Voor zover in de tenlastelegging taal- en/of schrijffouten staan, zijn deze verbeterd. Verdachte is hierdoor niet in de verdediging geschaad.

5.De strafbaarheid van de feiten

De bewezen geachte feiten zijn volgens de wet strafbaar. Het bestaan van een rechtvaardigingsgrond is niet aannemelijk geworden.

6.De strafbaarheid van verdachte

Er is geen omstandigheid aannemelijk geworden die de strafbaarheid van verdachte uitsluit. Verdachte is dan ook strafbaar.

7.Motivering van de straf

7.1.
De eis van de officier van justitie
De officier van justitie heeft gevorderd dat verdachte voor de door haar onder 1 en 2 bewezen geachte feiten zal worden veroordeeld tot een voorwaardelijke taakstraf van 60 uren, met bevel, voor het geval dat verdachte de taakstraf niet naar behoren verricht, dat vervangende hechtenis zal worden toegepast van 30 dagen, met een proeftijd van 2 jaren.
7.2.
Het standpunt van de verdediging
De raadsman heeft geen strafmaatverweer gevoerd.
7.3.
Het oordeel van de rechtbankDe hierna te noemen strafoplegging is in overeenstemming met de ernst van het bewezen geachte, de omstandigheden waaronder dit is begaan en de persoon van verdachte, zoals daarvan ter terechtzitting is gebleken.
Ernst van de feiten
Verdachte heeft zich samen met een ander schuldig gemaakt aan kinderopvangtoeslagfraude, waarbij zij onterecht een aanvraagformulier kinderopvangtoeslag hebben ingediend en daarbij valse stukken hebben opgemaakt en gebruikt, waardoor de Belastingdienst is opgelicht. Hierdoor hebben verdachte en zijn mededader misbruik gemaakt van het systeem van de Belastingdienst, waarvan het doel is vele ouders op een zo efficiënt mogelijke manier financieel te ondersteunen als zij gebruik maken van kinderopvang. Het is onder meer dit soort fraude met toeslagen die tot de te harde handhavingscultuur bij de Belastingdienst heeft geleid die de opmaat heeft gevormd voor de toeslagenaffaire waardoor vele gezinnen ernstig zijn gedupeerd.
Andere relevante omstandigheden
Verder is acht geslagen op het Uittreksel Justitiële Documentatie (het strafblad) van verdachte van 22 oktober 2022, waaruit blijkt dat hij nog niet eerder is veroordeeld voor het plegen van strafbare feiten.
Bij het bepalen van de straf is ook gekeken naar de oriëntatiepunten voor straftoemeting (LOVS) die de rechtbanken hebben vastgesteld.

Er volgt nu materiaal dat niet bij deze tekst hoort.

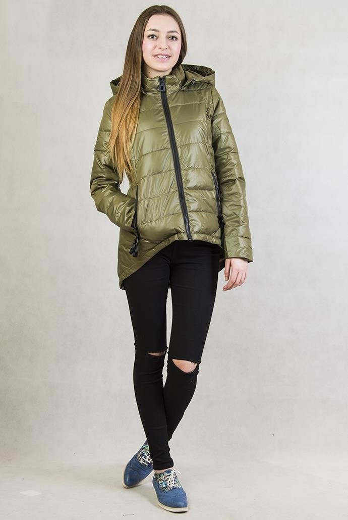 Asymetryczna szara kurtka z kapturem zapinana na zamek.

Het oriëntatiepunt voor fraude met een benadelingsbedrag tot € 10.000,- is een onvoorwaardelijke gevangenisstraf tussen één week en twee maanden of een taakstraf.
Daarnaast houdt de rechtbank in strafmatigende zin rekening met de overschrijding van de redelijke termijn. Als uitgangspunt geldt dat binnen twee jaar na aanvang van de redelijke termijn door de rechtbank moet zijn beslist, tenzij sprake is van bijzondere omstandigheden. De redelijke termijn in deze zaak is aangevangen op 15 oktober 2016, de datum van de doorzoeking van de eenmanszaak van verdachte. Dit betekent dat de zaak in principe op 15 oktober 2018 afgerond had moeten zijn. Na de verhoren van verdachte in maart en juni 2018 is geruime tijd verstreken voordat zijn zaak op zitting is gekomen. Waarom dat zo lang heeft geduurd, is niet duidelijk geworden. Eerst op 11 mei 2021 heeft een ‘OM-zitting’ plaatsgevonden, waarna de officier van justitie heeft besloten om verdachte te dagvaarden. Vervolgens is de zaak pas ruim een jaar later aangebracht bij de meervoudige kamer op 24 november 2022, waar de verdediging onderzoekswensen heeft ingediend. Hoewel de verdediging onderzoekswensen had ingediend, is de rechtbank van oordeel dat de zaak al veel eerder had kunnen worden afgedaan. Het onderzoek bij de rechter-commissaris was namelijk al afgerond op 8 mei 2023. De zaak is uiteindelijk pas op 27 juni 2024 inhoudelijk behandeld. De rechtbank vindt dan ook dat sprake is van een overschrijding van de redelijke termijn en dat deze termijn met vijf jaar en negen maanden is overschreden.
De strafGelet op de ernst van het bewezenverklaarde en de LOVS-oriëntatiepunten had een gevangenisstraf in de rede gelegen, maar vanwege de forse overschrijding van de redelijke termijn vindt de rechtbank dat een andere strafmodaliteit in voorwaardelijke vorm op zijn plaats is. Aan verdachte wordt daarom een voorwaardelijke taakstraf voor de duur van 40 uur (en 20 dagen vervangende hechtenis), met een proeftijd van een jaar, opgelegd.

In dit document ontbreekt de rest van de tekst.